## REQUIRED WORK:
Starting with the line containing "Портативный тонкий музыкальный" and going on through the line containing "Un morceau de", return the lines of the data below exactly, and only those.

INPUT Start Marker

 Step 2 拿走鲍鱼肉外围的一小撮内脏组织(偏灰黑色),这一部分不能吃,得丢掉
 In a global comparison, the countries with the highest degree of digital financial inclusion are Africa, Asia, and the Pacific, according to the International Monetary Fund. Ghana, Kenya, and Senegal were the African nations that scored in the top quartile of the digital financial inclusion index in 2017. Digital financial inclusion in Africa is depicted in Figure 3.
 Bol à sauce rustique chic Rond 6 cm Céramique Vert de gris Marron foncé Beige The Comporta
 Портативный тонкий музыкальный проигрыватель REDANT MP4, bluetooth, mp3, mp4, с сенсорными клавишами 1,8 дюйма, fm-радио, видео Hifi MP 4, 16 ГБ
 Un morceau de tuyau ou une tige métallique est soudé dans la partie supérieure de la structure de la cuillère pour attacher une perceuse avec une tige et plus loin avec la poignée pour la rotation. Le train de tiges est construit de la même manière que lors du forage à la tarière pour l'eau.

INPUT End Marker
INPUT Start Marker

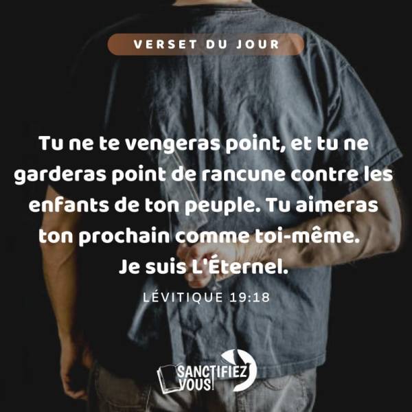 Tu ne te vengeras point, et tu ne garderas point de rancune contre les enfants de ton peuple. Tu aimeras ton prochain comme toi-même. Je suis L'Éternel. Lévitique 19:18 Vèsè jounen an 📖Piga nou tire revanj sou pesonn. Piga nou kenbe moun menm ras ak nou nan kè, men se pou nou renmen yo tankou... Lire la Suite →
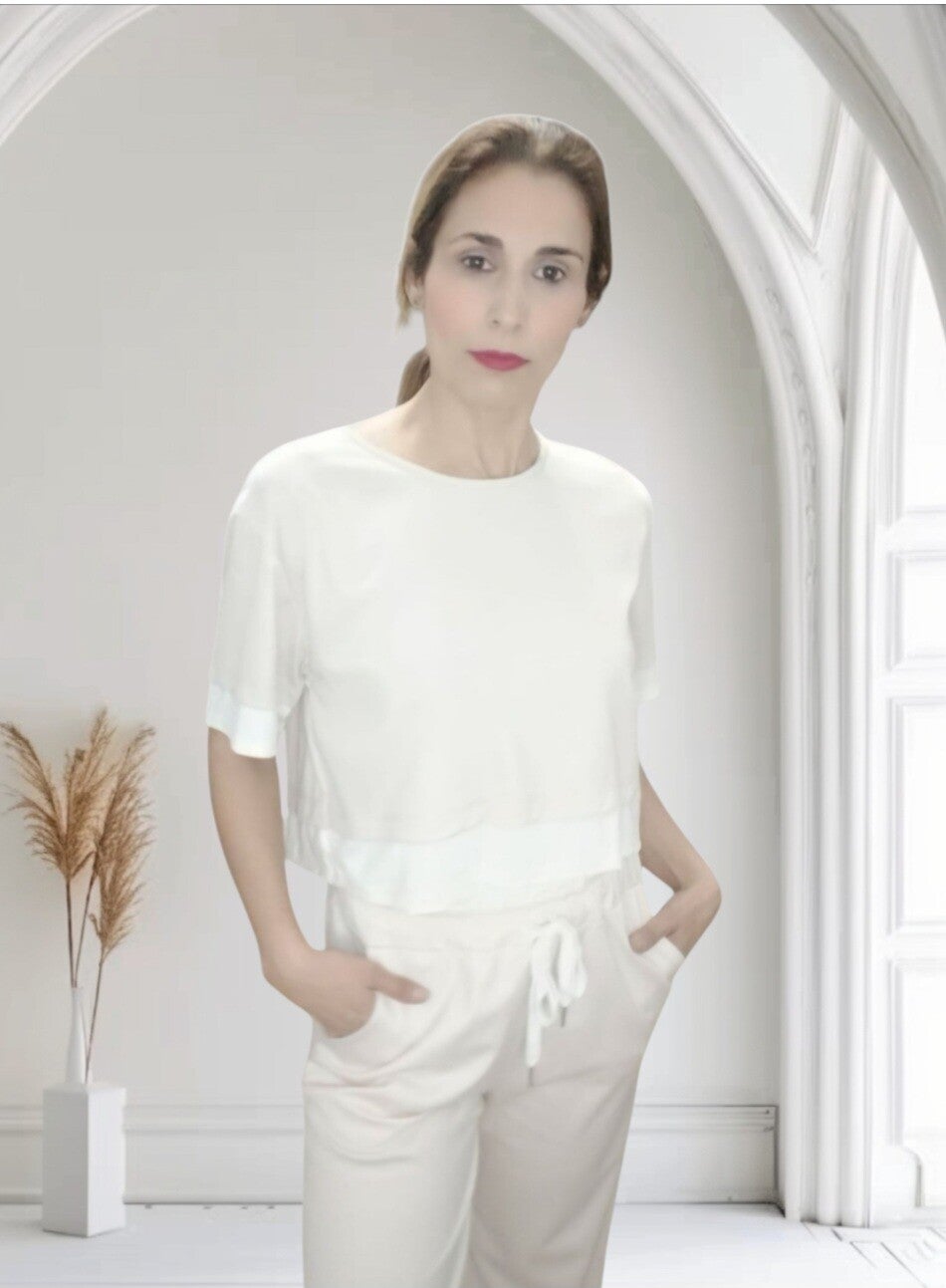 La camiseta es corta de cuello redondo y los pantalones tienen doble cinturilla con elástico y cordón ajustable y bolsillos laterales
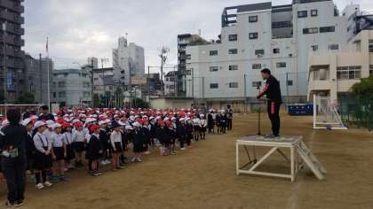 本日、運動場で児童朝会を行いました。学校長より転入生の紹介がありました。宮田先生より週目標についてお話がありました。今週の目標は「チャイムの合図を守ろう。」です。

INPUT End Marker

## SOLUTION TO THE EXERCISE:
 Портативный тонкий музыкальный проигрыватель REDANT MP4, bluetooth, mp3, mp4, с сенсорными клавишами 1,8 дюйма, fm-радио, видео Hifi MP 4, 16 ГБ
 Un morceau de tuyau ou une tige métallique est soudé dans la partie supérieure de la structure de la cuillère pour attacher une perceuse avec une tige et plus loin avec la poignée pour la rotation. Le train de tiges est construit de la même manière que lors du forage à la tarière pour l'eau.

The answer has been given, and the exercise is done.